**Activity**
The answer must be an exact copy of the lines from the top of the listing below through the line with "Ik vind het", with no pictures.

**Source data**
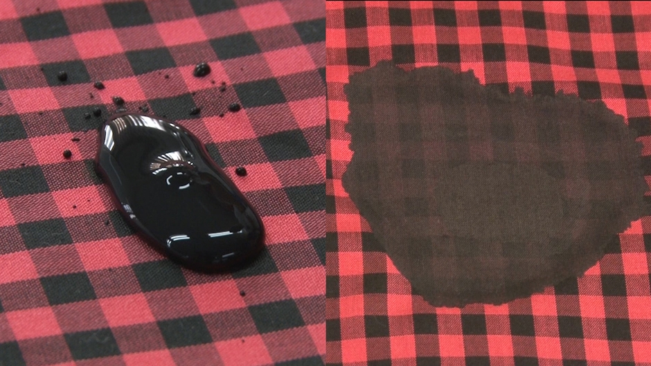 最初の挑戦は醤油、果物エキスをはじめとしたさまざまな成分が入り混じっている「焼肉のタレ」がついた布。
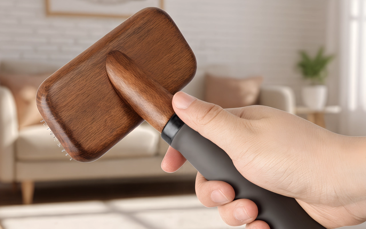 Ik vind het fijn dat hij van echt hout is gemaakt en niet van plastic. De haren zijn zacht, dus mijn spaniël is niet meer bang om geborsteld te worden. Grote fan.
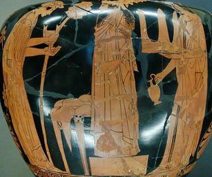 | Keywords: Dionysiac cult Louvre G407 n2.jpg Dionysiac cult Detail from an Attic red-figure stamnos ca 450-440 BC From Vulci Culte dionysiaque Détail d'un stamnos attique à figures rouges du Peintre d'Eupolis vers 450-440 av J -C H 39 cm 15 ¼ in W 40 4 cm 15 ¾ in Diam 32 2 cm 12 ½ in Museum Louvre Department of Greek Etruscan and Roman Antiquities Sully first floor room 39 case 8 object history credit line Canino Collection; purchase 1843 accession number G 407 Jastrow 2007 other versions <gallery> Image Dionysiac cult Louvre G407 jpg </gallery> Dionysos in ancient Greek pottery Thyrsos in ancient Greek pottery Cultic practices in ancient Greek pottery Kantharoi in art Oinochoes in art Stamnoi Eupolis Painter Greek antiquities in the Louvre - Room 39 450s BC pottery in France 440s BC pottery in France Ancient Greek pottery from Vulci Attic red-figure pottery |
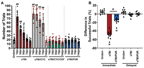 Cognitive impairments are attenuated by prophylactic Shh activation. (A) Histogram quantifying the number of trials required for associative learning assay of undamaged and either untreated or Shh-modulated sTBI fish at 1, 3, 5, 7 and 14 dpi (n = 9 fish per control/experimental group). (B) Quantification of immediate and delayed recall of undamaged, sTBI, and sTBI/PUR fish (n = 9 fish per control/experimental group). Statistical analyses were performed with a one-way ANOVA followed by Tukey’s multiple comparison post hoc test, # p < 0.05, ## p < 0.01. |
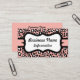 Esta tarjeta profesional está decorada con un suave estampado de leopardo rosa y negro. Personalizar esta tarjeta de visita para satisfacer sus necesidades. El diseño proviene del arte original. Utilice esta elegante tarjeta de visita para un salón de belleza, un cosmetólogo, una peluquería, un salón de uñas, moda, una boutique, una panadería, un peluquero, un salón de belleza, un spa, un músico, un maquillador...
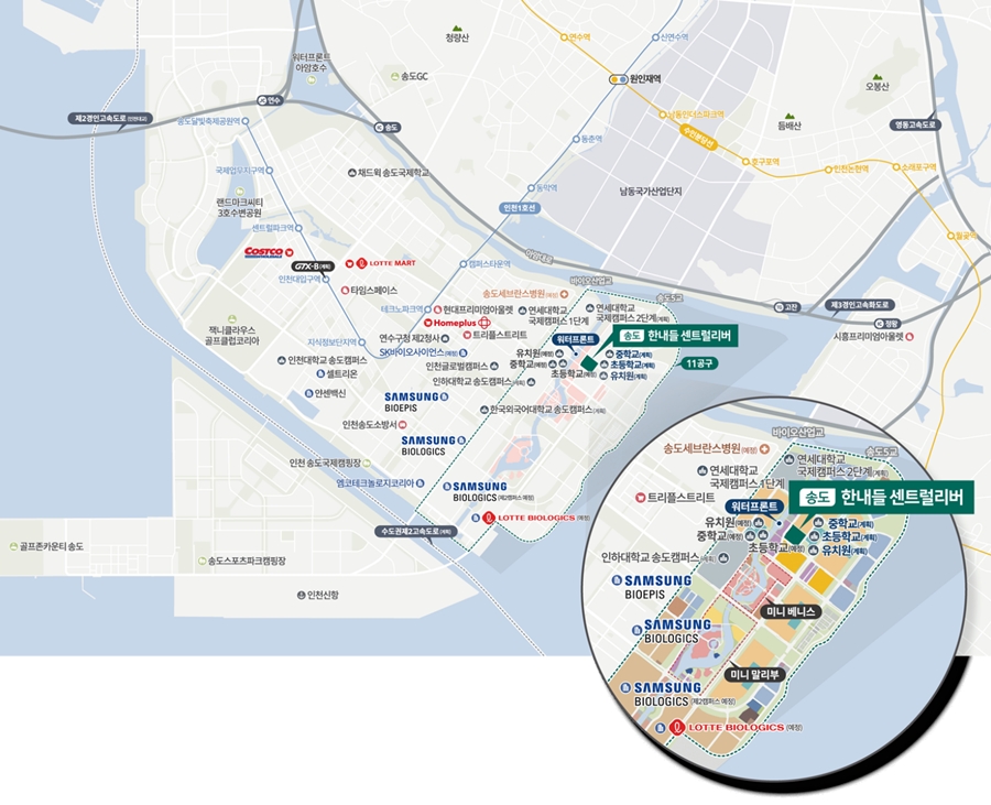 송도는 도시 전반이 단계적으로 확장되는 방식이 아니라, 구역별 자족 기능을 갖춘 채로 확장되는 구조입니다. 11공구 내 상업, 업무, 교육 기능은 이미 확정된 도시계획에 포함되어 있어, 입주 시점에 주변 생활 기반이 어느 정도 갖춰질 가능성이 큽니다. 특히 송도에서 중요한 점은 업무지구와 주거지 간 거리뿐 아니라, 녹지 비율과 수변 접근성이 함께 확보된다는 점인데 한내들 수변공원과 연결되는 보행축이 단지 인근에 형성될 계획이라는 점은 일상적인 산책, 이동 동선에서 체감도가 큽니다.

**Exercise response**
 最初の挑戦は醤油、果物エキスをはじめとしたさまざまな成分が入り混じっている「焼肉のタレ」がついた布。
 Ik vind het fijn dat hij van echt hout is gemaakt en niet van plastic. De haren zijn zacht, dus mijn spaniël is niet meer bang om geborsteld te worden. Grote fan.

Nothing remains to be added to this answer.